David Lloyd
A dejected David Lloyd

Credit: Gary M Prior
Game, set and match for Lloyd
by Andy McKenzie

David Lloyd has been sacked as captain of Great Britain’s Davis Cup side by the LTA, it was announced on February 28.

  • The LTA said that Lloyd, whose contract was due to end later this year, had been relieved of his duties after he was highly critical of the British side following February's defeat in the Czech Republic.

  • Lloyd blamed the LTA for sending him unfit players for the clash in Ostrava, and has also been an outspoken critic of the lack of backing he has received from them for nurturing future talent.

  • John Crowther, chief executive of the LTA said, "Having reviewed David Lloyd’s recent conduct, including his public criticism of the team in Ostrava and the unnecessary adverse effect these had on players and coaches connected to the Davis Cup squad, the LTA lost confidence in his continuing captaincy.

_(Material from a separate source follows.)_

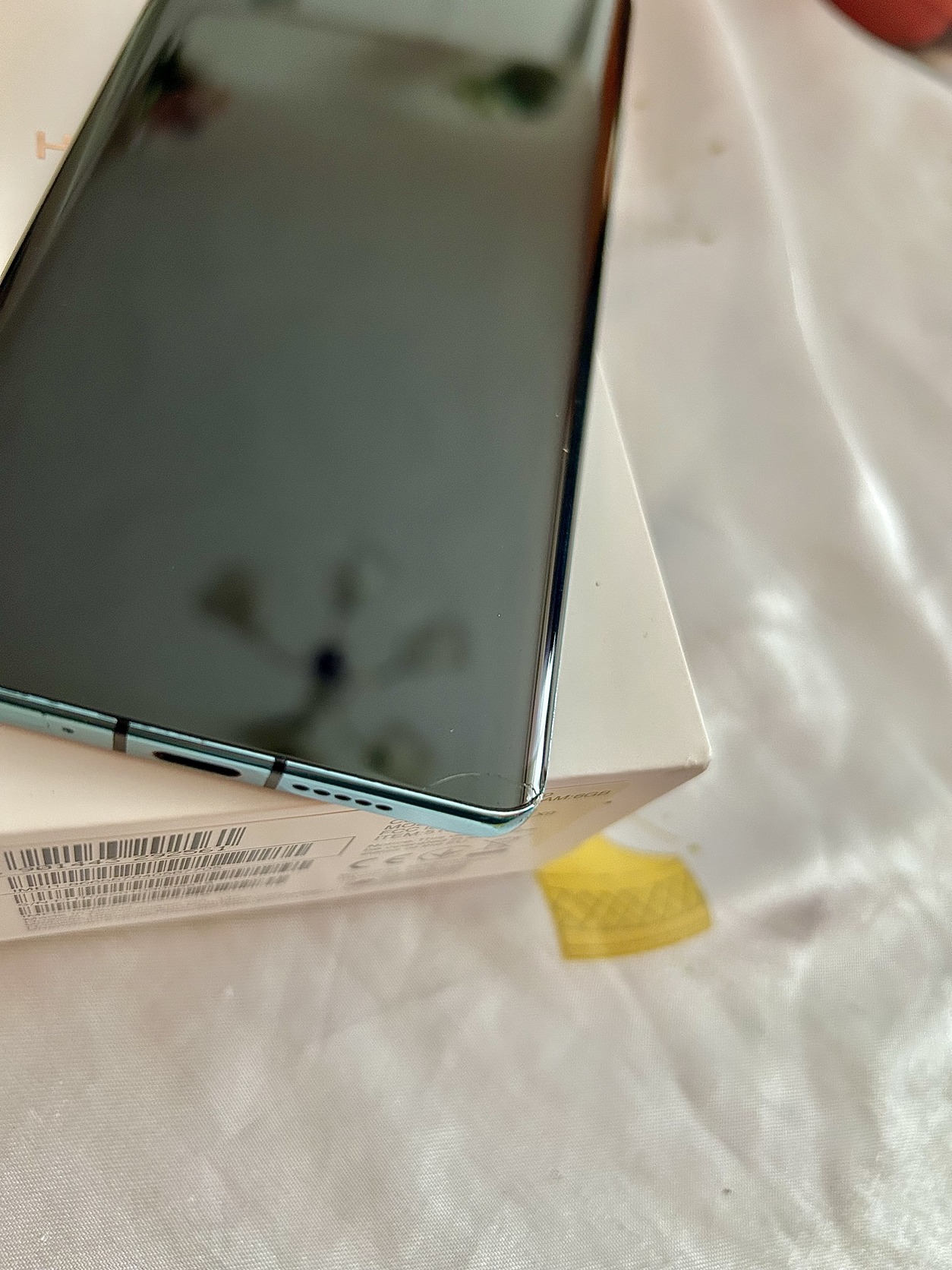Jobb alsó sarokban minimális kis hajszálrepedés ,ami nem zavaró és észrevétlen , működésben nem gától ( fotóztam ) .

  • "It was therefore decided that a new captain was required to be in place as quickly as possible to restore confidence and inject a greater sense of team spirit within the British team."

  • Britain, without their no. 2 Greg Rusedski, were well beaten by the Czechs 4-1, making it 16 years since they last won a match in tennis’ top division.

  • The LTA announced that former British Davis Cup player Roger Taylor had accepted their invitation to take over from Lloyd. He has spent the last two years as a performance director at the Regional Tennis Centre in Surrey, England.

  • Taylor said, "I am very proud to accept this opportunity to captain my country in the Davis Cup and look forward to working with the leading players and coaches to compete successfully in the world’s top team tennis event.

  • "I hope to emulate the achievements of one of my contemporaries and doubles partner in the US Open win of 1971, John Newcombe. He has proved himself a very successful captain with the Australian Davis Cup since he took over."

  • Taylor had an outstanding record for Britain in the Davis Cup as a player - winning 17 of his 26 singles games and holding a 3-2 doubles record. He also made it to the semi-finals of Wimbledon three times - in 1967, 1970 and 1973.

  • Crowther added, "He commands the respect of all our leading players and coaches and he is highly regarded around the world as a former player of great standing in the sport."